AJP - Heart and Circulatory Physiology, Vol 272, Issue 4 1833-H1837, Copyright © 1997 by American Physiological Society

ARTICLES

Flow-independent heterogeneity of brain capillary plasma perfusion after blood exchange with a Newtonian fluid

J. Vogel, K. F. Waschke and W. Kuschinsky
Department of Physiology, Faculty of Clinical Medicine Mannheim, University of Heidelberg, Germany.

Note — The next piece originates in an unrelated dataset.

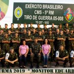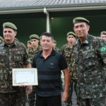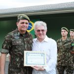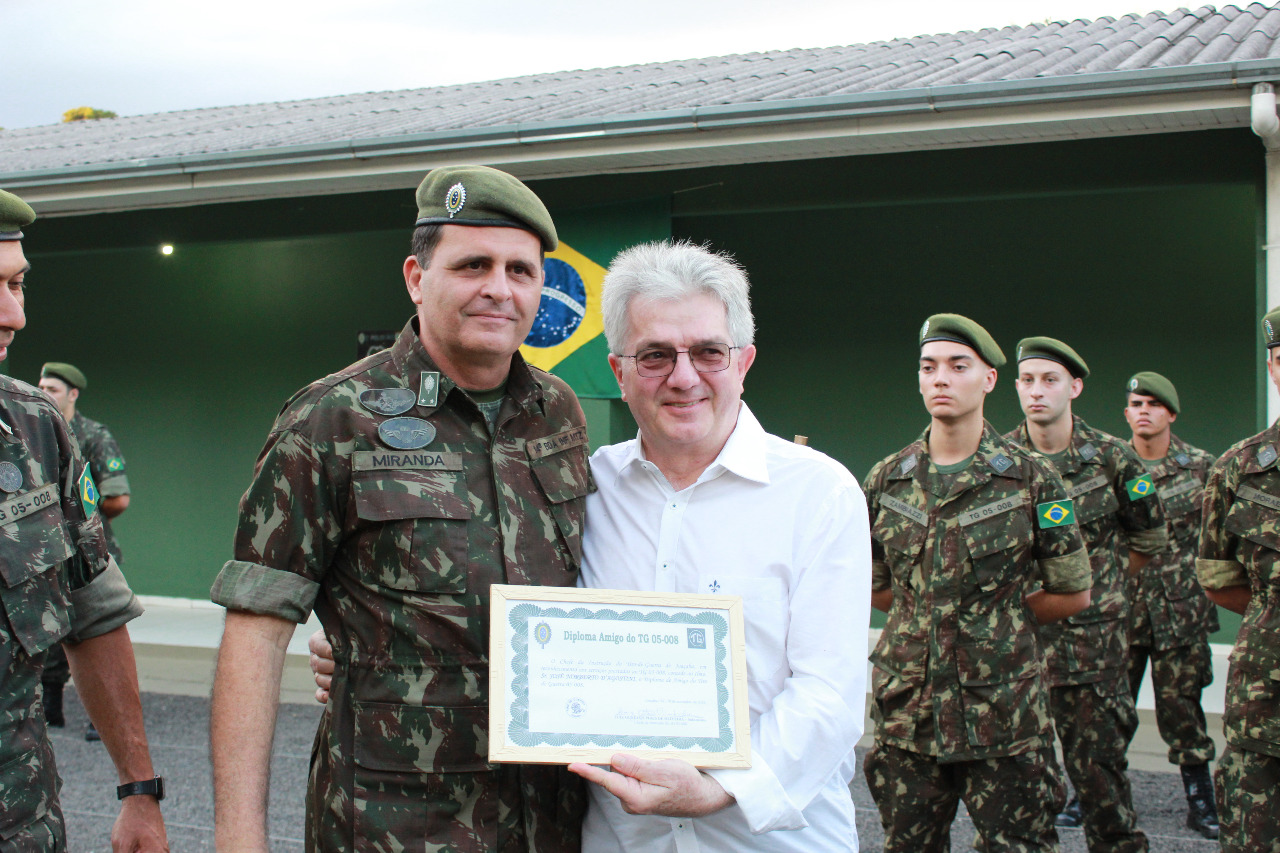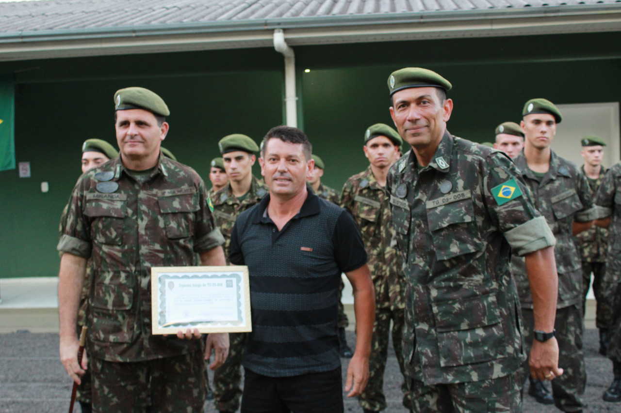 Foram entregues ainda, Diploma “Destaque da Turma”, como referência aos atiradores Falta Zero e diploma “Ao Mérito” aos vinte e nove monitores e atiradores que mantiveram excelente desempenho e modelar comportamento no prestamento do serviço militar inicial, promoção à Cabo da Reserva de 2ª Categoria dos concludentes do Curso de Formação de Cabos, que além da divisa receberam uma lembrança muito criativa ofertada pelo Sr Pedro Belotto, amigo do TG.   Por fim, foi prestada homenagem com entrega de uma lembrança a pessoas e instituições que contribuíram para a formação das Turmas 2018 e 2019, enquanto o Subtenente Gustavo, esteve à frente do TG 05-008.

Previous studies from our group have indicated a heterogeneity of plasma transit times in brain capillaries. The heterogeneity was decreased with increasing cerebral blood flow during hypercapnia. In the present study, the hypothesis was tested that these apparent changes in microvascular plasma perfusion heterogeneity depend on the existence of red blood cells (RBC). To this end, the blood of anesthetized and paralyzed rats was replaced by a shear rate-independent oxygen-carrying substitute, ultrapurified polymerized bovine hemoglobin (UPBHB). Cerebral blood flow ([14C]iodoantipyrine technique) or microvascular perfusion pattern (intravenous bolus injection of Evans blue and decapitation 3-4 s later) was measured. After exchange transfusion with UPBHB, cerebral blood flow still varied with arterial PCO2, whereas in contrast to the unexchanged condition, the heterogeneity of the intracapillary Evans blue concentration remained unchanged. Compared with the unexchanged normocapnic condition, the heterogeneity of intracapillary dye concentration was decreased by one-quarter. It is concluded that RBC contribute to the microvascular perfusion heterogeneity in the brain.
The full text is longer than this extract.